Jardim do Palácio de Blenheim, Oxfordshire, Inglaterra. Fonte: https://goo.gl/pqLnG8

Nas pinturas de paisagem do rococó, uma nova faceta do hedonismo característico da


relação homem/natureza no século XVIII desvela-se: esta era tida como um lugar acolhedor,
dotado de uma espécie de intimismo convidativo, relacionando-se e até potencializando os
prazeres amorosos e sexuais.
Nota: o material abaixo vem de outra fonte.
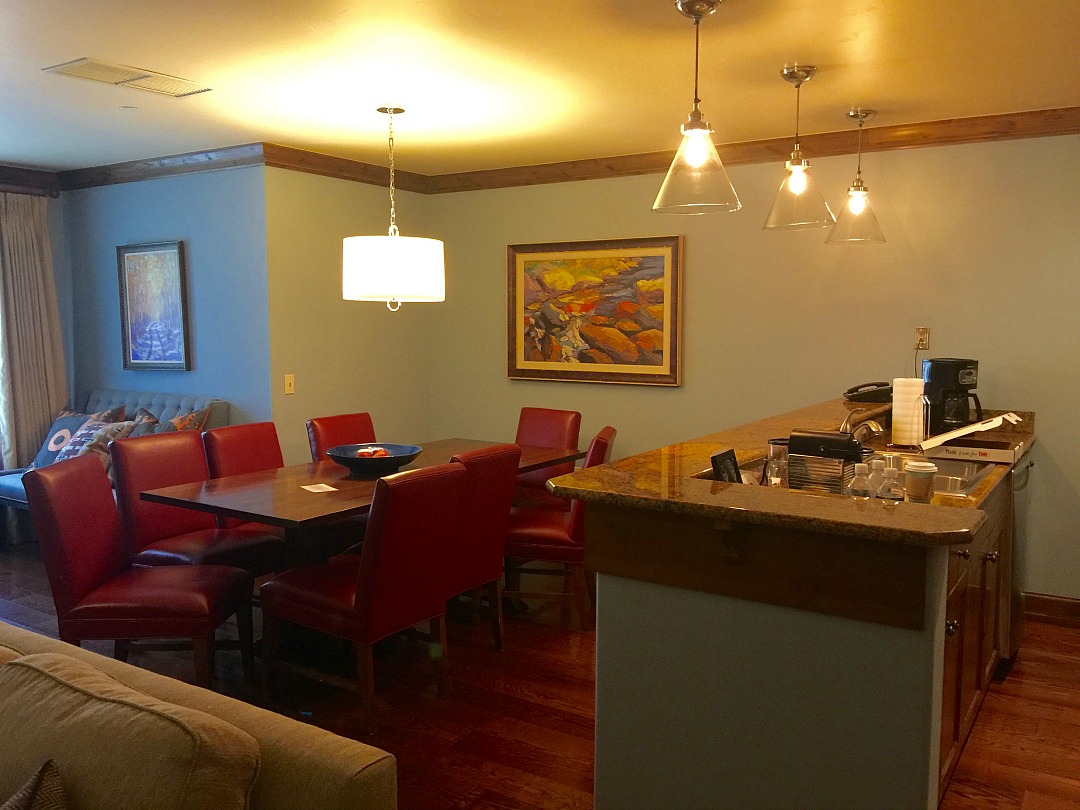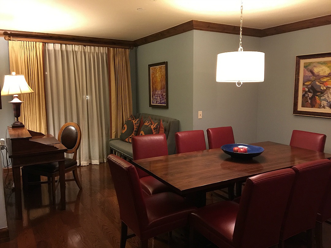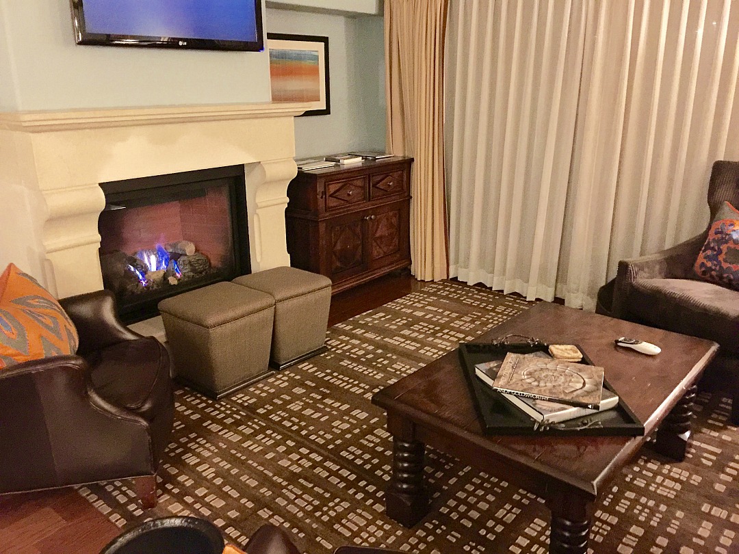 The room was huge. It was open concept with a kitchen, dining area, work space with a desk, and living room with fire place and balcony. There is plenty of comfortable seating, a tv in each room, three full bathrooms and a washer/dryer which is handy when you are traveling with children.

Este aspecto encontra-se explícito na prestigiada obra do pintor
francês Antoine Watteau Peregrinação à ilha de Cítera - reproduzida a seguir. Remontando
da Antiguidade, a utopia da Ilha de Cítera, cujos relatos de Pausânias apontam como o
santuário de Afrodite, “aparece como símbolo de um fictício santuário do amor, alvo de
peregrinação para jovens casais, tornando-se o símbolo de uma imagem do desejo, uma utopia
secular. ” (ELIAS, 2000, p. 19) Nesse sentido, Watteau, através de decorações delicadas,
representando a natureza imbuída em luminosidade de modo a criar uma atmosfera singular
suave e intimista, faz alusão, acredita-se, a este mito da ilha do amor.

Antoine Watteau, Peregrinação à Ilha de Cítera, 1717, óleo sobre tela, 129cmx194cm, Museu do
Louvre, Paris. Fonte: https://goo.gl/mZbbkM

É inegável, portanto, que o reposicionamento do homem renascentista enquanto ser


observador e atuante na natureza foi essencial para o estabelecimento das relações
homem/natureza tal como estas se deram durante os períodos abordados. A aproximação
racionalista com a natureza, ora através de imperativos ordenadores que buscam dobrá-la ao
controle humano, ainda que este falhe em de fato compreendê-la, ora através de um esforço de
entendimento científico e de um hedonismo romantizador, apresentou-se, não apenas como
herança dos séculos anteriores, mas também como fruto das estruturas de poder que vigentes.
A paisagem do barroco apresenta-se como um símbolo do poder despótico. A paisagem do
rococó, como reflexo dos novos posicionamentos intelectuais e filosóficos e da fragilização
do poder monárquico. Os jardins e as paisagens são, portanto, evidências do modo como o
homem relacionou-se com a natureza, bem como de tais estruturas de poder e como elas se
transformaram do decorrer do tempo.
Referências bibliográficas:
ELIAS, Nobert. A peregrinação de Watteau à ilha do amor. Rio de Janeiro: Zahar, 2000.
HOLBACH, Barão. A natureza. São Paulo: Martins Fontes, 2001. [Da natureza, p. 31-
42; Do movimento e sua origem, p. 43-62].
JONES, Stephan. A arte do século XVIII. São Paulo: Circulo do livro, 19--. (p. 56-73).
MUMFORD, Lewis. A cidade na história. São Paulo: Martins Fontes, 1998. (p. 375-
406)
NUNES, Hélio Alvarenga. Jardins sem muros: longo século XVIII e a paisagem, 2004.